The appellant contended that in terms of Sec. 86(6) the appellant is required to pay fee only when there is demand of service tax, interest and penalty - the amount thereof determines the amount of fee.   When there is no such demand by way of service tax, interest or penalty no fee would be payable.  The appellant relied on the following cases:

·  Zinc Ltd. V. Commissioner of Central Excise (Appeals), Vishakapatnam - 2008 -TMI - 31790 - CESTAT (Bangalore);

·  Taksal Pharma Pvt. Ltd., V. CC (Airport) Mumbai, 2008 -TMI - 2586 - CESTAT, MUMBAI

       The tribunal observed that it would appear on a glance of Sec. 86 the appellant is required to pay fee between one thousand rupees and ten thousand rupees depending on the amount of service tax and interest demanded and penalty levied by any Central Excise Officer.   A new sub section (6A) was also inserted by the amendment No.2 of 2004 requiring payment of a fee of five hundred rupees on miscellaneous applications for stay or rectification of mistake application or for any other purpose as well as for restoration of appeal or an application.   It is evident from the provisions of Sec. 86(6) as they originally stood and stand now that if an assessee desires to prefer appeal in the Appellate Tribunal, he is required to pay the requisite fee.   They do not envisage exemption except in case of appeals by the department or cross objects by either the assessee or the department.
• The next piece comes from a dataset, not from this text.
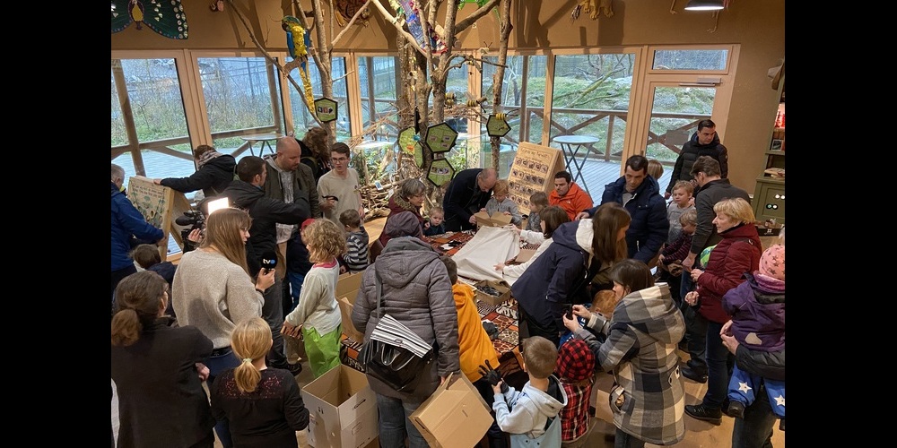 Kinder dürfen die Geschenke in der Raubtierarena platzieren:

       The submission of the appellant is wholly misconceived and self defeating.   The tribunal held that even if the appeal were maintainable, the appellant is required to pay the minimum fee prescribed by the statute, that is, one thousand rupees.  The tribunal further analyzed the case laws relied on by the appellant.  In both the cases the appellant had already paid fee - in the first case, one thousand rupees  in each of the six appeals and in the second case, rupees five thousand.   The dispute arose on insistence of the Registry asking the appellant to pay further fee.   In the facts of the case, it was found that the fee already paid was sufficient.   These decisions cannot be cited in support of the proposition that no fee is payable.  The tribunal negatively decided in this case.